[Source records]
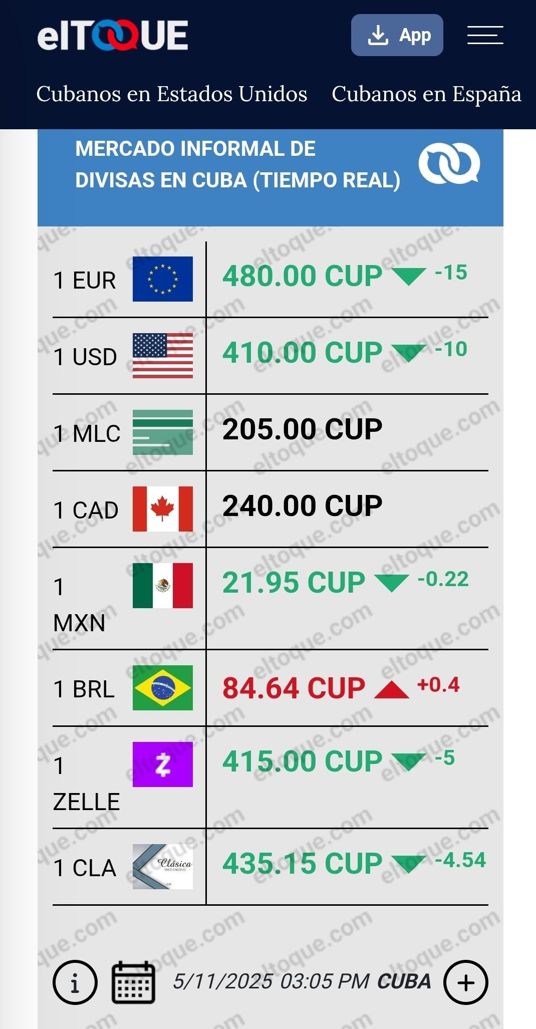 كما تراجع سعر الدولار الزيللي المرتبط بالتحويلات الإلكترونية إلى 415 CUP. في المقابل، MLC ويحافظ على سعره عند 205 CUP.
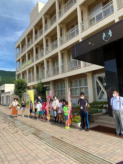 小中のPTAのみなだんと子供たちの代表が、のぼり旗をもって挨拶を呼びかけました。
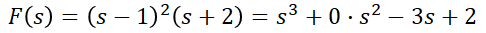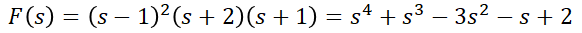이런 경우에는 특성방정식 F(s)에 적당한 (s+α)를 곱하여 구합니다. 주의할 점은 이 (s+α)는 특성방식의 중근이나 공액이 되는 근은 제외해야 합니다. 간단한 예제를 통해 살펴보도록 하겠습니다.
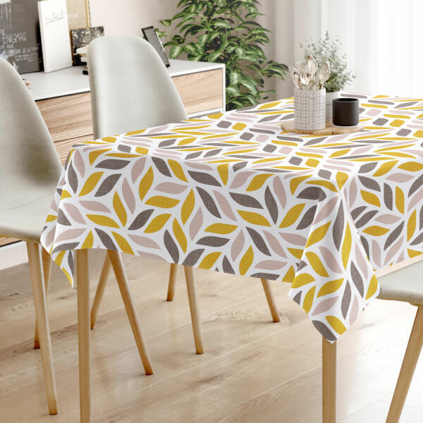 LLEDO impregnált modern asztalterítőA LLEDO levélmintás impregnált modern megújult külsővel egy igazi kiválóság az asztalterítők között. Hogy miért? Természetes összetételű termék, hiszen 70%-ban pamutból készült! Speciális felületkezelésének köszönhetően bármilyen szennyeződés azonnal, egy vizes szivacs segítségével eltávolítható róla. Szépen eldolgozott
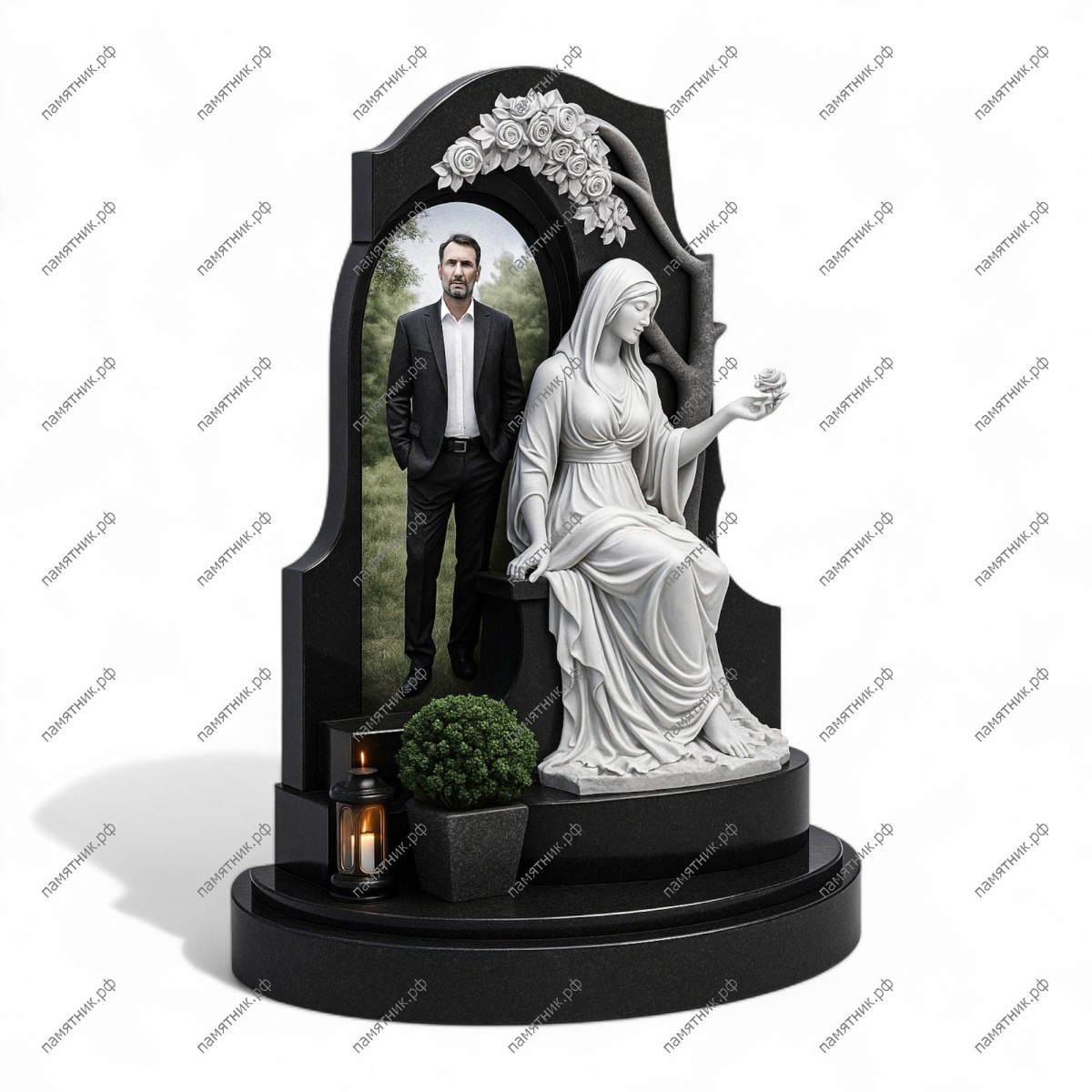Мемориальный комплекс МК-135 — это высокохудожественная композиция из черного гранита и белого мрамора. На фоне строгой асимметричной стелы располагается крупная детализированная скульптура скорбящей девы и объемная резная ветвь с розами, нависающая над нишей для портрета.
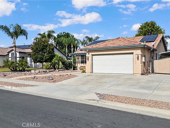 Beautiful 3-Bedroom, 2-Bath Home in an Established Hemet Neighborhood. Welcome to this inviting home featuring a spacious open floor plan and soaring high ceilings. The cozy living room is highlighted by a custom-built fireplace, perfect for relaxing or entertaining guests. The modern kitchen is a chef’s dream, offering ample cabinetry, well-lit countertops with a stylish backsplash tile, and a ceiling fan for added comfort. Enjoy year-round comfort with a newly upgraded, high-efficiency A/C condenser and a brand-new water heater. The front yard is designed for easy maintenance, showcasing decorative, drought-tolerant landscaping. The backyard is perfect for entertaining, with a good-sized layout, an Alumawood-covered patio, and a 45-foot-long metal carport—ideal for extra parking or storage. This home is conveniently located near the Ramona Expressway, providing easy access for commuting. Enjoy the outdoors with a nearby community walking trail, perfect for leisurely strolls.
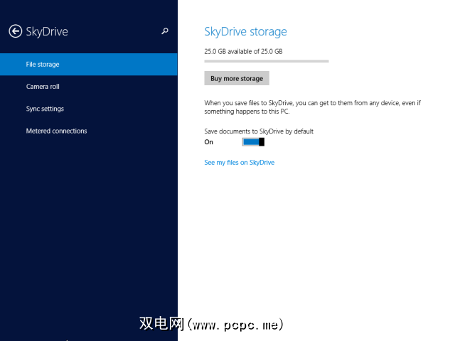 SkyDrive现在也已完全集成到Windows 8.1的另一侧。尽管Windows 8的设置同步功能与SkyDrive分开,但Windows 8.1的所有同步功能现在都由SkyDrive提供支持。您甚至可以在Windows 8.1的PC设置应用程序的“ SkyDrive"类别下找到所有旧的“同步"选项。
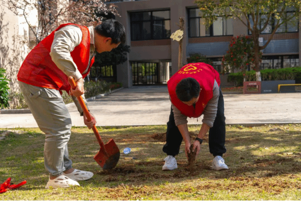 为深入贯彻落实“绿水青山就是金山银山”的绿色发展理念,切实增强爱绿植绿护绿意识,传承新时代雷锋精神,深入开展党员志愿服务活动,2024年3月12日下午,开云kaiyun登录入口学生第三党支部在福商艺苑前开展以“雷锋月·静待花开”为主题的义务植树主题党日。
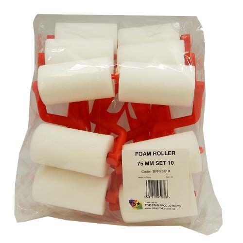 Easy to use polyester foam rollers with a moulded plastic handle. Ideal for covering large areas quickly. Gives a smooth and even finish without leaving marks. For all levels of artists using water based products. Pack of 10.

### Required action
Output only the stretch above from the line with "이런 경우에는 특성방정식" through the line with "LLEDO impregnált modern", reproduced exactly. Exclude pictures.

### Answer space
이런 경우에는 특성방정식 F(s)에 적당한 (s+α)를 곱하여 구합니다. 주의할 점은 이 (s+α)는 특성방식의 중근이나 공액이 되는 근은 제외해야 합니다. 간단한 예제를 통해 살펴보도록 하겠습니다.
 LLEDO impregnált modern asztalterítőA LLEDO levélmintás impregnált modern megújult külsővel egy igazi kiválóság az asztalterítők között. Hogy miért? Természetes összetételű termék, hiszen 70%-ban pamutból készült! Speciális felületkezelésének köszönhetően bármilyen szennyeződés azonnal, egy vizes szivacs segítségével eltávolítható róla. Szépen eldolgozott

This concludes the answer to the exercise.